I agree, but I am trying to find out what it is realistic to expect from renovation projects. I work with mainly cool season turf (prefer fescue and some perennial rye) I am in zone 6 almost zone 7. I seed some jobs every year, probably because of heat and no irrigation. But I am wondering if I took a year or two off from seeding and focused on feeding the lawn well, If i'd get better establishment. Any thoughts would be appreciated.
I should add that when I say I renovate, I am slice seeding, core aerating, doing soil sampling, correcting PH, correcting deficiencies. I typically get good germination rates.
03-28-2012, 12:03 PM
I think I am going to try it but with our crazy weather in NJ I am not sure what to start doing right now.

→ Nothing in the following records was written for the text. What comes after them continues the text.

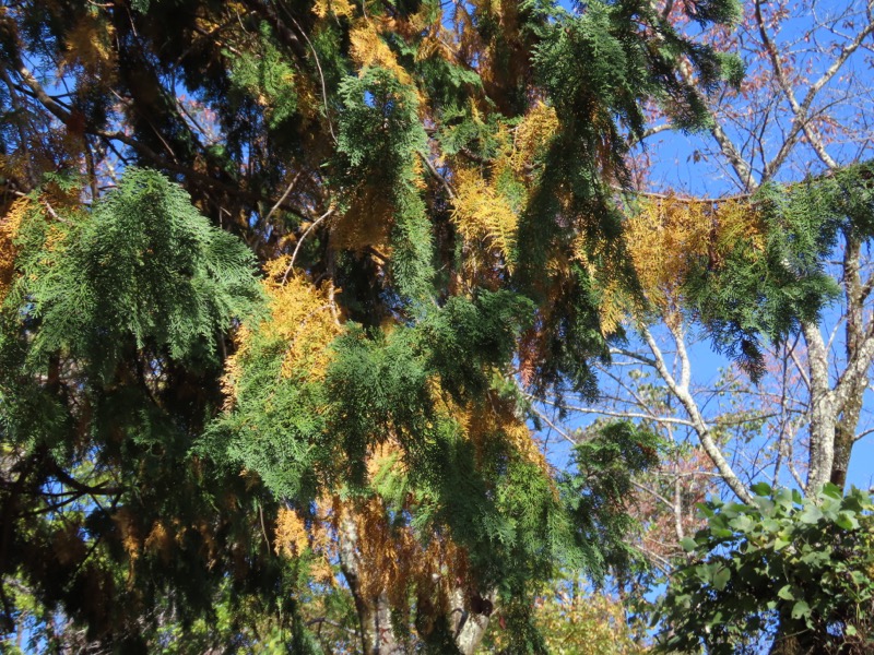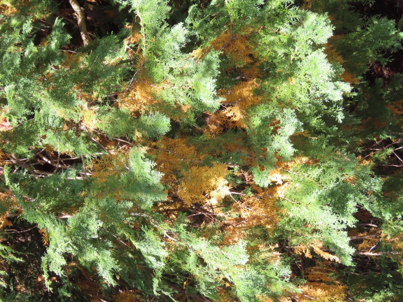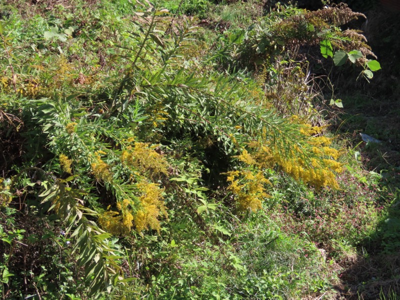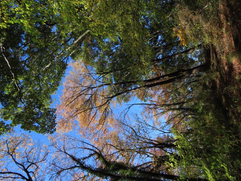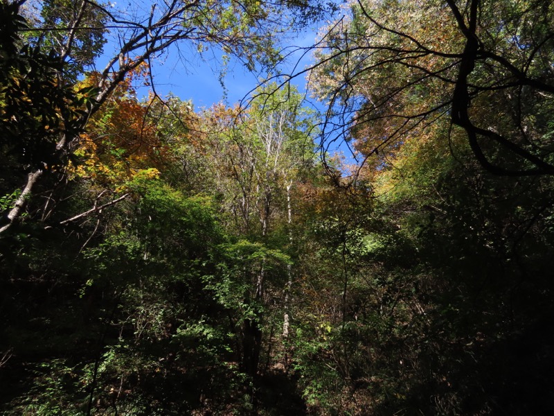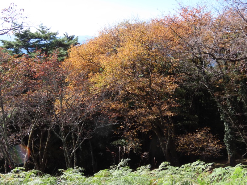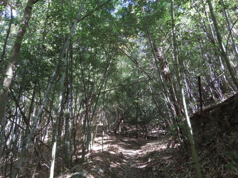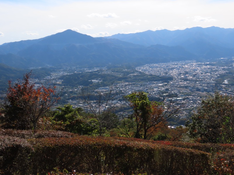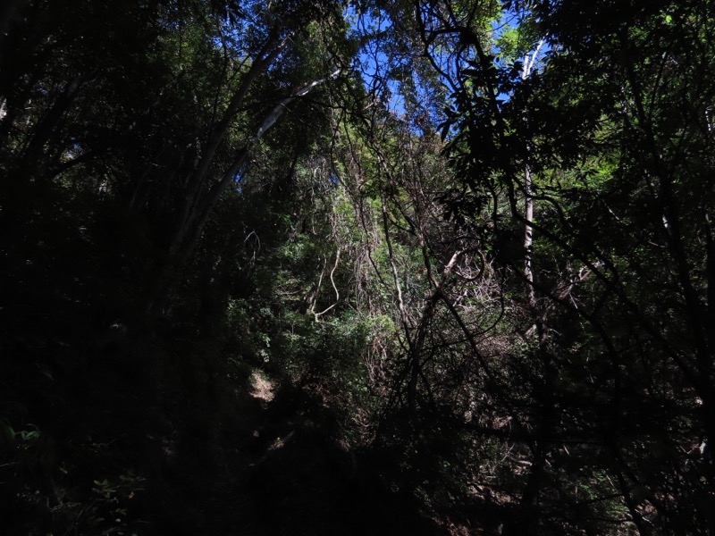 ────1245-1325ごろ_蓑山(美の山)山頂でゆったり休憩(標高=581m) 1355ごろ_関東ふれあいの道の舗装路が登山道に変わる(標高約500m) ────1420ごろ_自動車道を横断。小休憩(標高約280m)
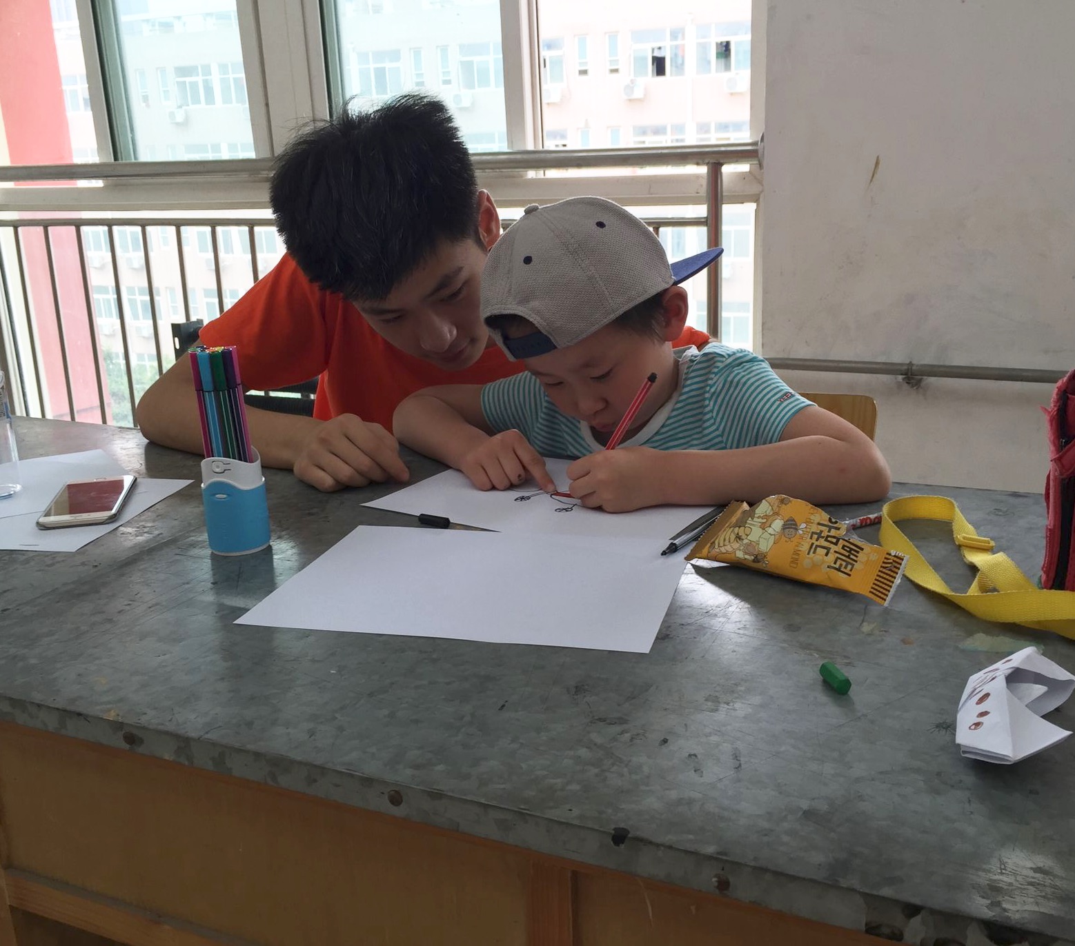 友的到来。连日来,实践队员们耐心地带领孩子们学习了卡通人物画、简笔画以及使用油画棒作画,并将陶泥、太空泥、折纸等趣味元素融入到教学中来,最大程度的激发孩子们的创造力和想象力。在实践队员们的引导下,孩子们掌握了基本的绘画方法,完成了一幅幅充满想象与童趣的作品。实践队员中,有的是第一次扮演老师的角色,通过这次实践,他们收获了爱与信任,更体会到作为一名老师的辛苦与责任。
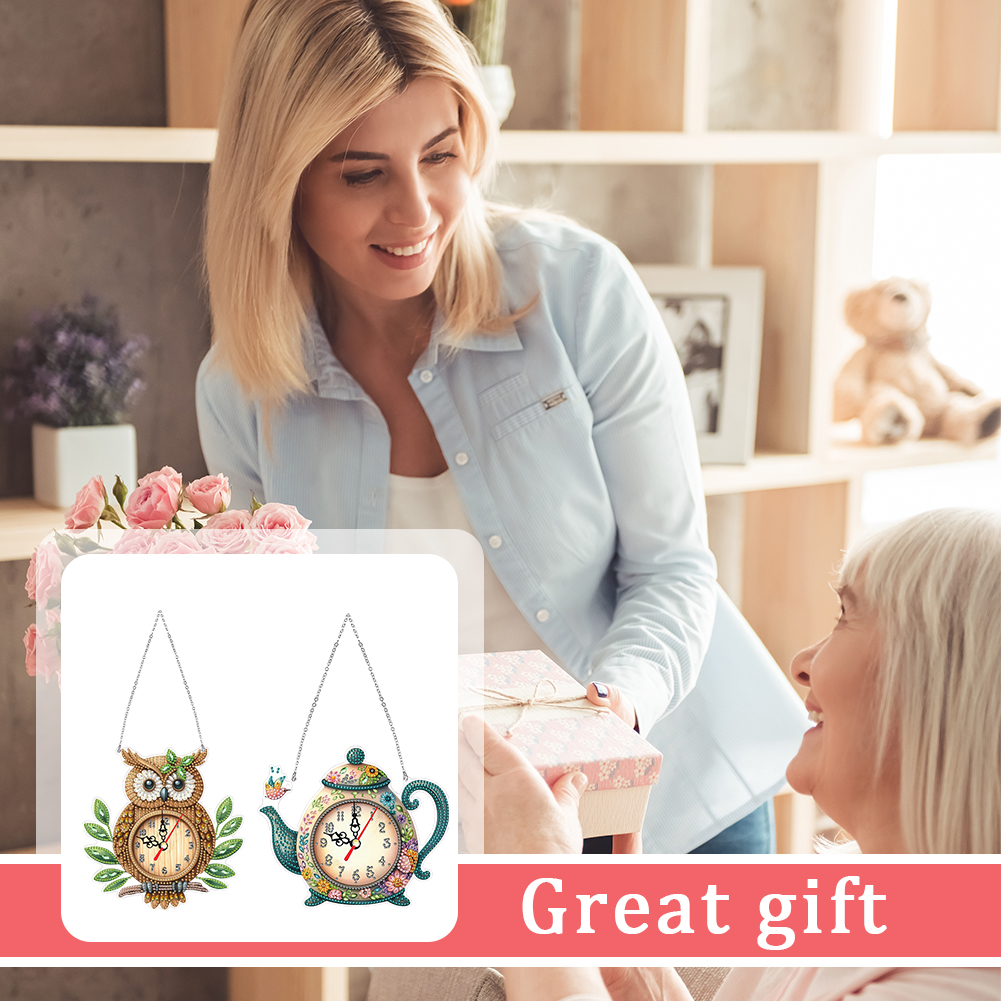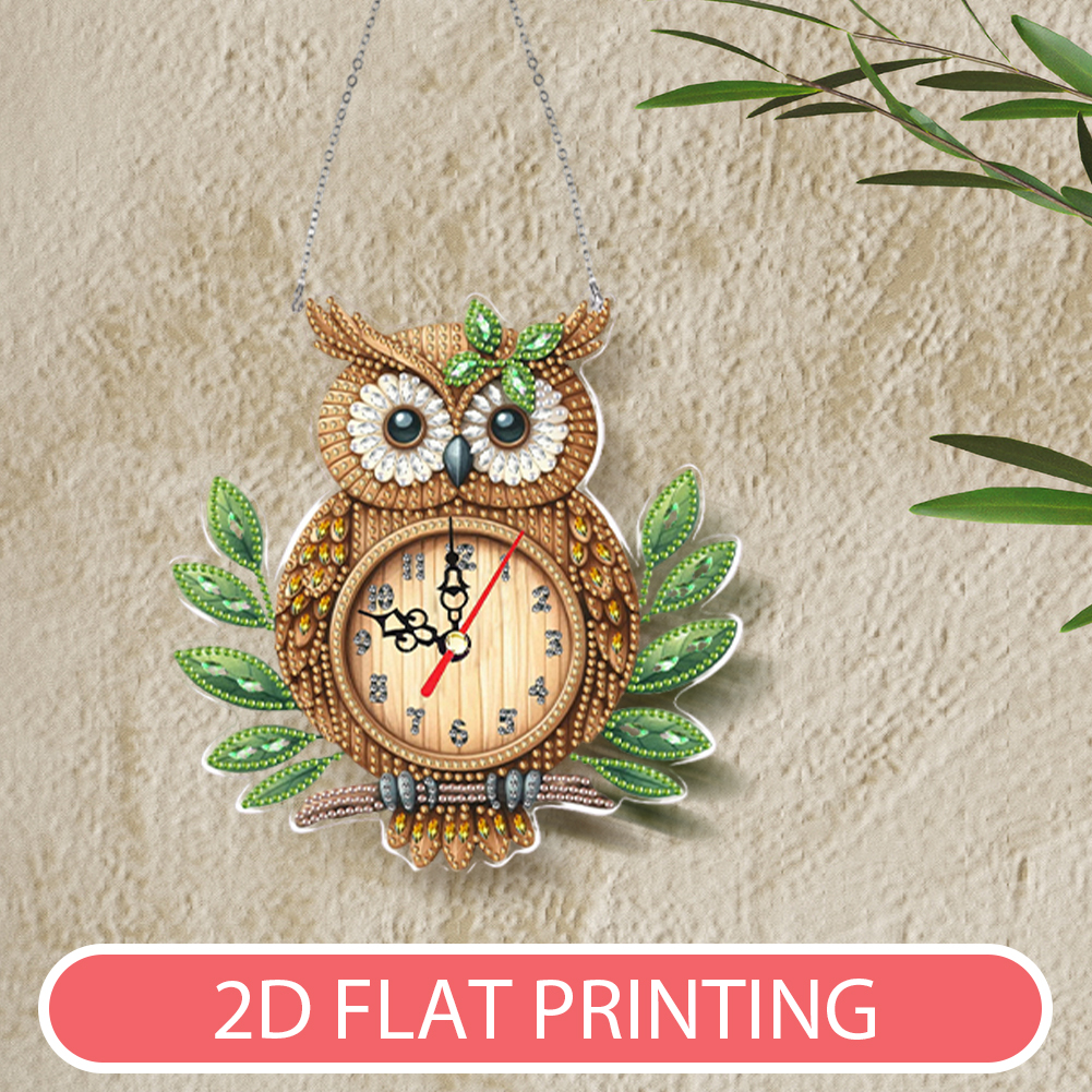 2Pcs Owl DIY Diamond Painting Ornament with Clock Function Home Craft Decor Art
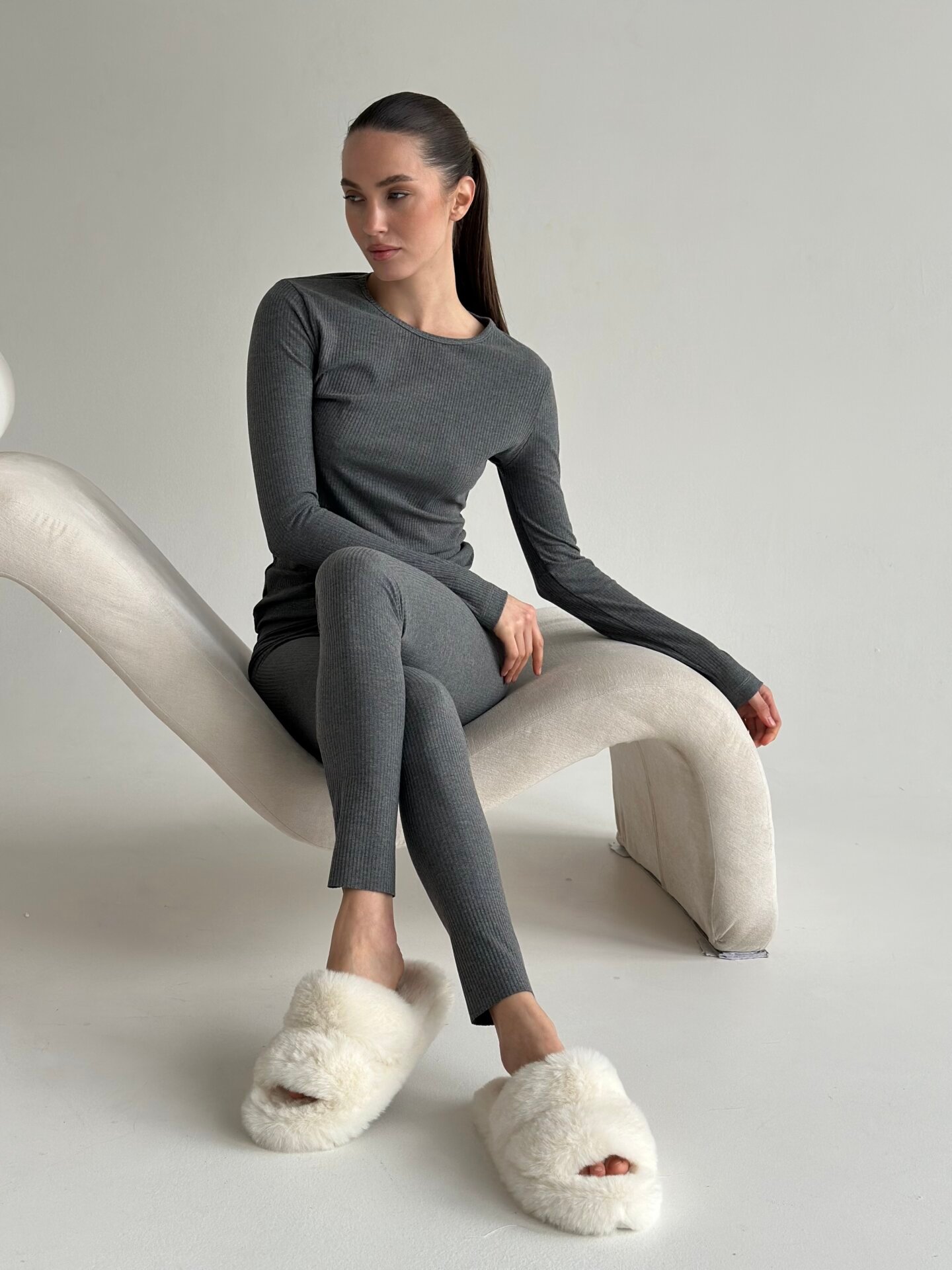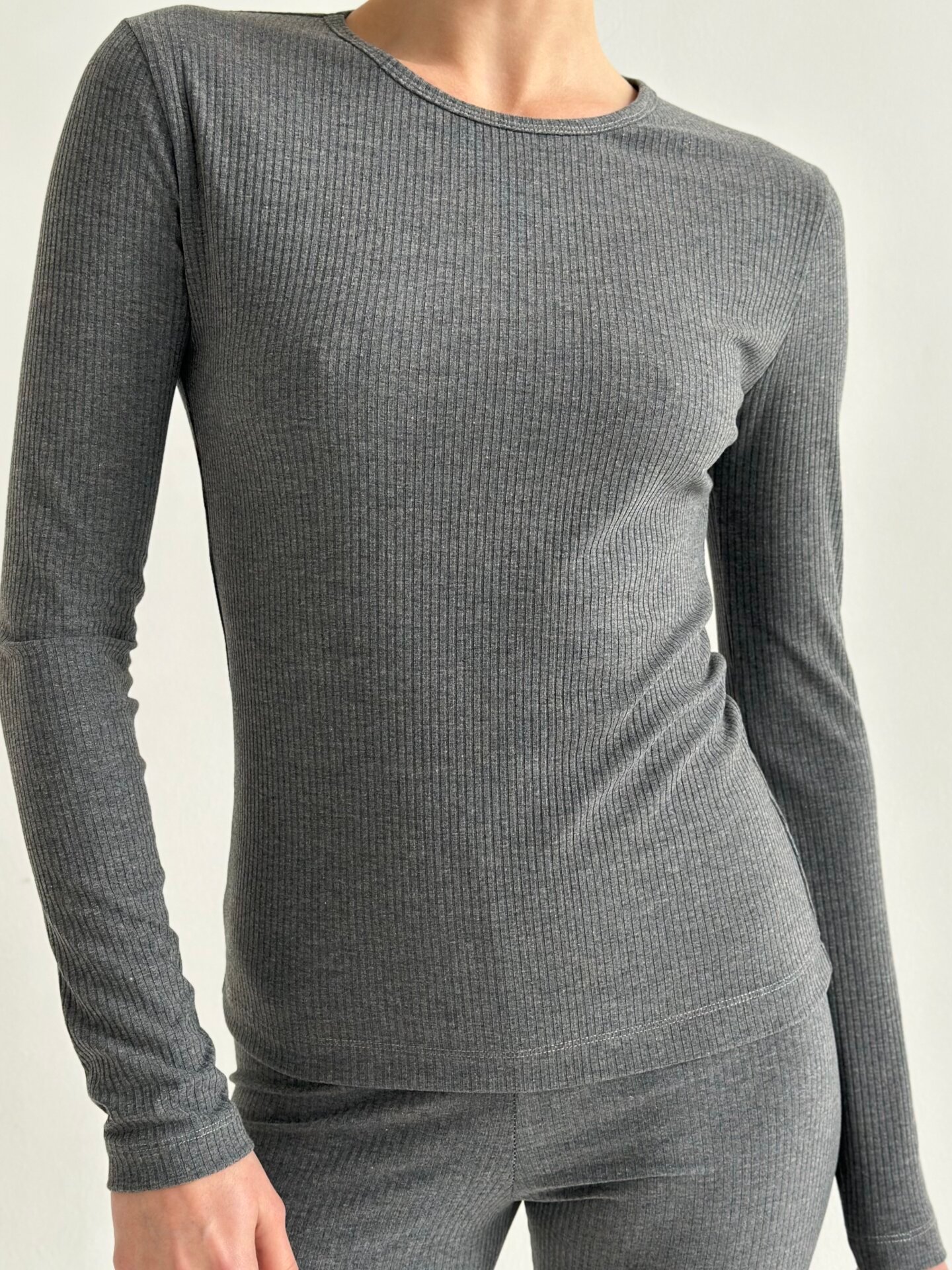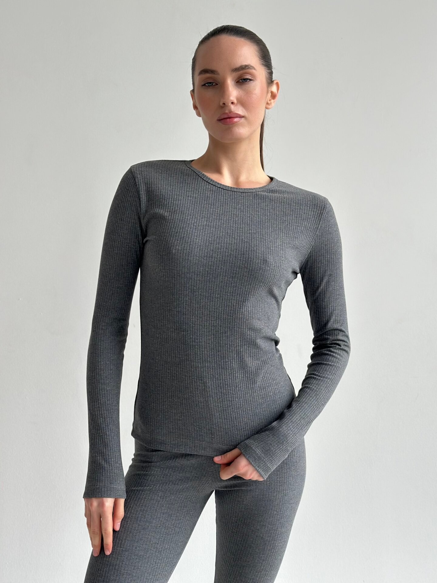 Трикотаж рубчик широкий Костюм лонгслів та лосини антроцит
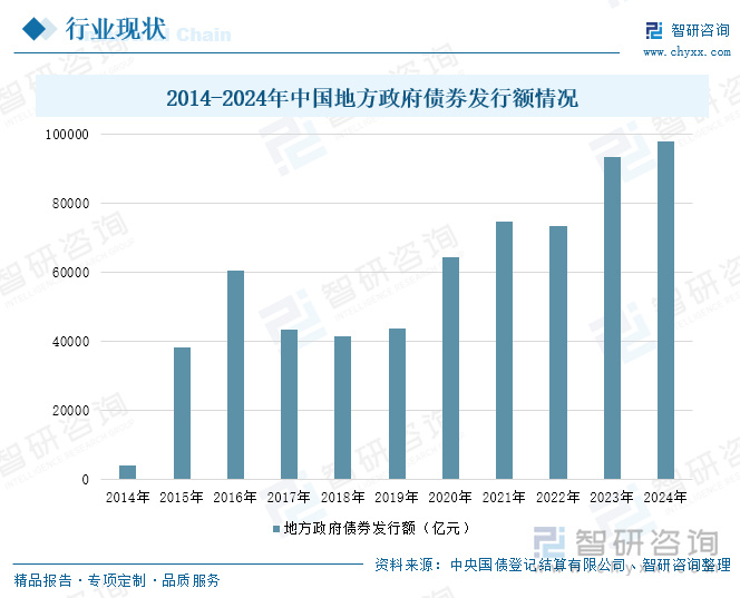 2024年,中国地方政府债券发行额为97760.88亿元,同比增长4.83%。中央经济工作会议提出实施更加积极的财政政策,提高财政赤字率,增加地方政府专项债券发行额度,并扩大其投向领域。这一政策导向推动了地方政府债券发行规模的扩大,以支持“两重”项目(重大工程、重点民生项目)和“两新”政策(新型城镇化、新型基础设施建设)的实施。同时,为了化解地方政府存量隐性债务风险,中国政府采取了一系列措施,包括允许部分新增地方政府债券置换存量隐性债务。这一政策使得地方政府能够通过发行新债券来置换原有的隐性债务,从而优化债务结构、降低尾部风险。
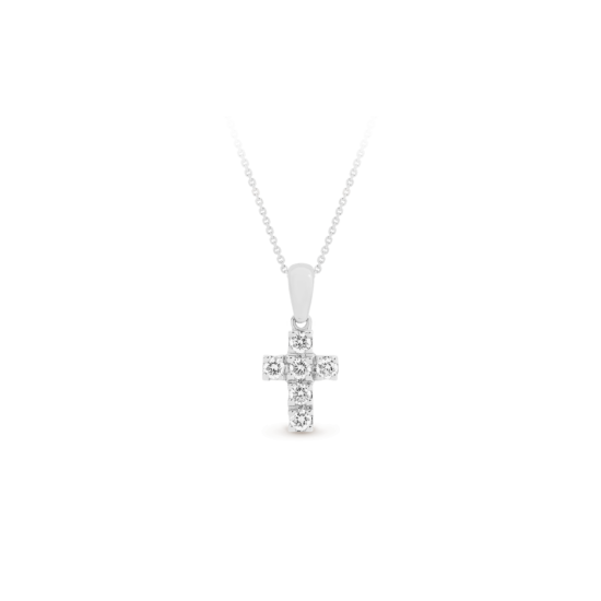 0.20 carats of diamonds adorn this petite cross pendant. The simple lines and claw setting deliver minimalist appeal, while the brilliant round cut diamonds deliver divine dazzle that really draws the eye!

We had 70 degree weather last week and got 3 days of frost last couple days.
What are you guys recommending?
03-28-2012, 09:27 PM
No this is not a spreading-type perennial ryegrass. It is Scotts "Classic" one of their economy grass mixtures. Includes "Divine". And LS 2000. and some inexpensive bluegrasses and fine fescue.
Since this house is never watered and not normally fertilized. And the weeds and crabgrass are not normally treated, it looks better than usual.
We had 2 weeks of very warm unusual weather so our season is 4 to 6 weeks ahead of normal.
My opinion, why not seed now if you didn't seed in the fall. Its a risk and you can plan on slow germination because temps will probably return to normal. If you like it thick and green... use double the usual amount of seed, and include fertilizer, at seeding and at 4 weeks later. I got great results at triple the usual amount of seed. That is costly, of course...but cheaper than labor sometimes.
08-16-2012, 10:24 PM
My neighbor's lawn which I reseeded a big spot In fall for free, looked nice in March. I used Scotts Classic seed: rye, blue , fine fescue, inexpensive mix. It looked fine, but then we had a big hot, dry spell about from mid-June to Aug 6th. Guy seldom watered. Heavy rain about a week ago. Now it looks bad--weeds, crabgrass, and big bare spots. A few clumps of perennial rye have survived. It has a nice dark color. Crabgrass became heavy in areas of lawn not reseeded. I will seed again.